Influence of irradiation on the metabolism of melanoma cells and metastasis in mice.

Irradiation is a powerful tool for the therapy of solid tumors. But often single cells elude this treatment and constitute a basis for recurrence of the primary tumor and formation of metastases. Until today it is unclear which properties enable some cells to this. One possible explanation could be predicted on irradiation-dependent metabolic changes which lead to a predisposition of certain cells to show enhanced survival and migratory activity. The aim of this study was to investigate metabolic properties and proliferation of irradiated melanoma cells in vitro and their ability to form metastases in vivo.
We applied different single-dose X-ray irradiation (200kV X-rays, 0.5mm Cu, ~ 1.2 Gy min-1; 1, 2, 5, 7, 10, and 20 Gy) to murine B16-F10 melanoma cells. At particular times we analyzed cell viability, growth properties and cell cycle distribution. Furthermore, we analyzed the cellular uptake of the radiotracers 2-[18F]fluoro-2-deoxy-D-glucose ([18F]FDG) and 3-O-methyl-[18F]fluoro-L-DOPA ([18F]OMFD), providing information about the glucose and amino acid metabolism before and after irradiation. Additionally, we performed in vivo studies in a syngeneic mouse model to analyze the capability of irradiated melanoma cells to form lung metastases after injection into the tail vein of NMRI mice.

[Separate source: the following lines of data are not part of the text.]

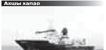
2019 жылны 8 сентябри
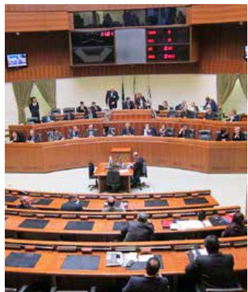
I lavori in Consiglio regionale

Quasi sette miliardi e mezzo di euro per cercare di sostenere la ripresa economica della Sardegna, con il comparto sanitario, come di consueto, a far da principale catalizzatore dei fondi stanziati, nonostante il tentativo di avviare il risanamento del debito da parte della Giunta regionale. È quanto emerge dall'approvazione della nuova legge finanziaria messa a punto dall'esecutivo guidato da Francesco Pigliaru, che mette a disposizione dell'isola oltre 7 miliardi e 400 milioni di euro per favorire lo sviluppo e ridurre il debito accumulato negli anni nel settore della Sanità, voragine non più sostenibile secondo la Giunta, che rosicchia circa trecento milioni in più all'anno rispetto a quanto dovrebbe.
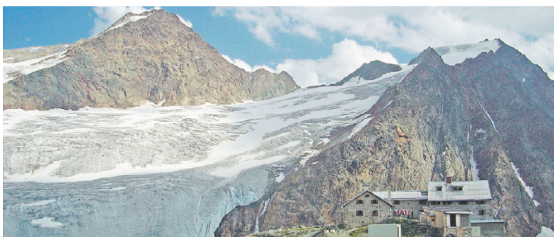
Die Braunschweiger Hütte in den Öztaler Alpen auf dem E5.

Die Durchquerung Europas auf einem der elf verschiedenen Fernwanderwege stellt für jeden Wanderer ein ganz besonderes Erlebnis dar. In diesem Sommer bieten wir zusammen mit unserem kompetenten Partner, der Oberstdorfer Bergschule OASE AlpinCenter, die Wanderung auf dem besonders abwechslungsreichen Abschnitt des E5 von Oberstdorf an der Alpennordseite nach Meran an der Alpensüdseite bereits zum fünften Mal als Leserreise an. Die Anziehungskraft dieser Tour liegt am Wechsel und an der Gegensätzlichkeit der vielen Landschaften und Vegetationszonen, die wir durchwandern. Bunte Blumenwiesen und Grasberge in den Allgäuer Alpen, faszinierende Rundblicke auf die markanten Felszacken in den „Lechtalern“, die scheinbar endlosen Gletscher und die gewaltigen Bergriesen im Ötztal und schließlich das südliche Klima Merans, lassen diese, inzwischen schon klassische, Wanderung für alle Teilnehmer zu einem einzigartigen Erlebnis werden.
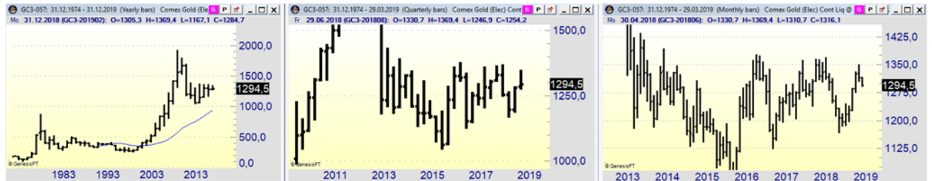
Goldpreis Jahreschart, Quartalschart und Monatschart
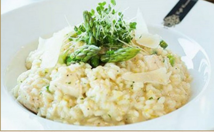
ريزوتو دجاج وفطر بري (Calories 400) 76 S.R. RISOTTO CHICKEN & WILD MUSHROOM 76 S.R مع تشكيلة من الفطر البري و البارميزان والتفلفل ريزوتو الدجاج المشوي
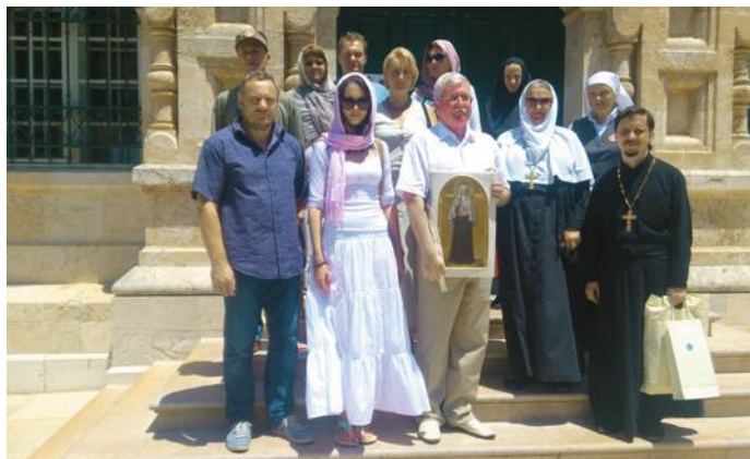
У мощей святой Елисаветы

обезличиться в общей массе народов под названием гога и магога.
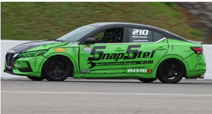
210 Stéphane Pouliot Saguenay, QC
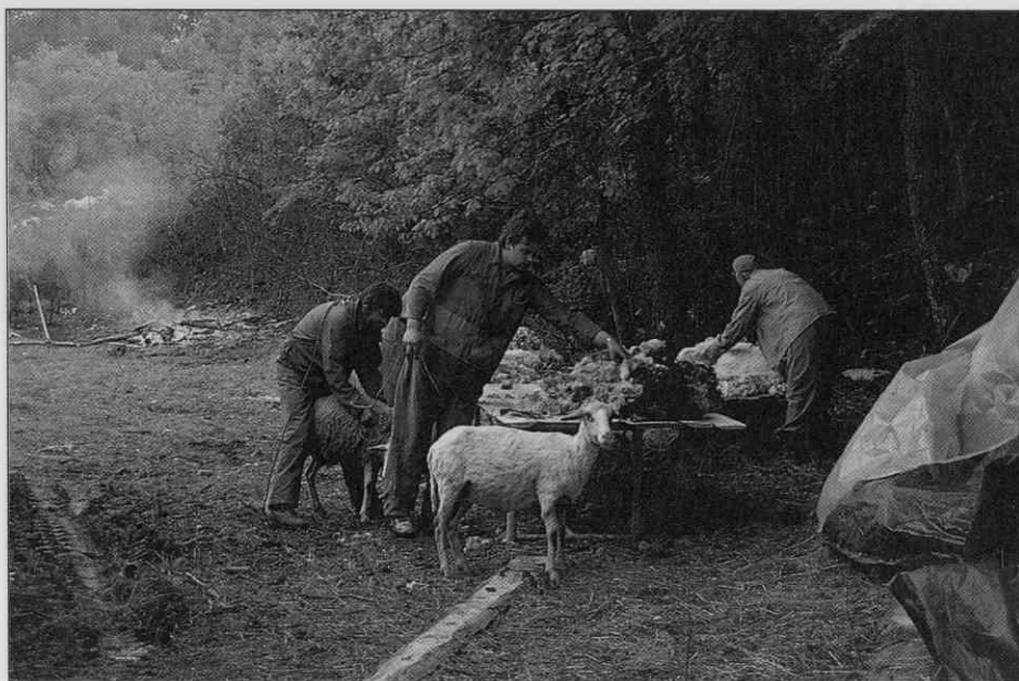
Striža pri Daretu Deklevi iz Slavine. V ozadju se dimi žerjavica, nad katero bodo na ražnju spekli jagnje. • Dare Dekleva from Slavina shearing sheep. The smoke in the background rises from the burning ashes over which a lamb will be grilled. • Le tondage chez Dare Dekleva de Slavina. Au fond, on aperçoit la braise fumante au-dessus de laquelle on fera rôtir un agneau..

dinarjev (okrog 1 DEM, spomladi 1990). Ker z ene ovce postrijejo približno za dva in pol kilograma volne, so besede Jožeta Žužka iz Slovenske vasi kar žalostno resnične: "Jest moram pet vouc ustričt za enkrat sebe ustričt."
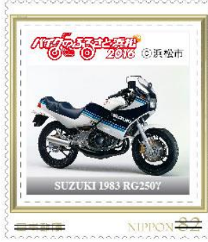
SUZUKI 1983 RG250Y
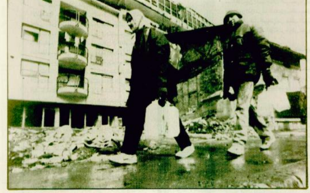
سرايفو - البوسنة والهرسك - (أ ب) سكان سرايفو يحملون زجاجات الماء في طريقهم | ملحقا بالقيادة قبل ذهابهم لاداء اعمالهم اليومية رغم مقتل العديدين في عمليات القصف المتقطعة

يؤيده المبعوث الخاص لخادم الحرمين الشريفين أحرزت محادثات السلام الأفغانية المستمرة في اسلام اباد لليوم الثالث على التوالي تقدماً ملحوظاً طبقاً لما ذكره رئيس الوزراء الباكستاني محمد نواز شريف الذي قام بترتيب اجتماع وجهها لوجه بين قاضي النزاع الافغان الداخلي يرهان الدين رباني ورئيس الحكومة وقلب الدين حكمتيار زعيم الحزب الاسلامي ويمن متحدث باسم وزارة الخارجية الباكستانية - طبقاً لروايات - ان الزعيمين الأفغان اجتمعوا بمقر الحكومة الباكستانية لمدة ساعتين تقريباً. وايضا محمد نواز شريف والصحفيين ان رباني وحكمتيار سوف يعقدان اجتمعا اخر غداً. وتم ترتيب تجمع الزعماء الأفغان في اسلام اباد في عقاب نداء السلام التاريخي الذي وجهه في يناير الماضي لخادم الحرمين الشريفين الملك فهد بن عبدالعزيز آل سعود ووجد قولاً واسع النطاق لذي عني السلام والاستقرار في افغانستان. ويعمل صاحب السمو الملكي الامير تركي الفيصل بشاغل نائب من اجل قضية السلام في افغانستان وحث الاحزاب الافغانية على حل مشكلتهم من خلال التفاوض السلمي. من جهته اعرب المتحدث باسم الخارجية الباكستانية الليلة الماضية عن تقدير باكستان للدور الذي

In a dose-dependent manner we detected a decrease in cell viability and cell growth properties starting 3 days after irradiation. Decreased cell growth persists up to 1 week for 5 Gy irradiated cells and up to 2 weeks for 10 Gy irradiated cells. After this periods growth of irradiated cells is comparable to control cells. Cell cycle analyses showed an increase in G2/M phase cells up to 3 days after X-ray followed by an increase in S phase cells 6 days after X-ray. At this point of time uptake of radiotracers was altered inasmuch as [18F]FDG uptake decreased, whereas [18F]OMFD uptake increased. Our in vivo studies showed a loss of lung metastases when cells were irradiated (10 Gy) before injection. If irradiated cells were allowed to recover for 2 weeks before injection, mice again developed lung metastases although to a lesser extent than control mice.
We conclude that irradiation of melanoma cells leads to a dose-dependent decrease in cell viability, growth properties and glucose uptake. Cell cycle analyses suggest an arrest in the G2/M phase. One week after irradiation compensating mechanisms of these effects seems to start as indicated by the uptake of [18F]OMFD, the increase in S phase cells and recovered growth of low-dose (5 Gy) irradiated cells. Two weeks after irradiation cell growth is completely recovered in vitro. Accordingly, in vivo studies reveal that irradiated melanoma cells are able to resume their metastatic potential within two weeks, even though to a lesser extent than before irradiation. The questions why and how some cells modulate their metabolism and thus re-start proliferation and why metastasis is influenced in vivo although growth properties are recovered in vitro, need to be further investigated.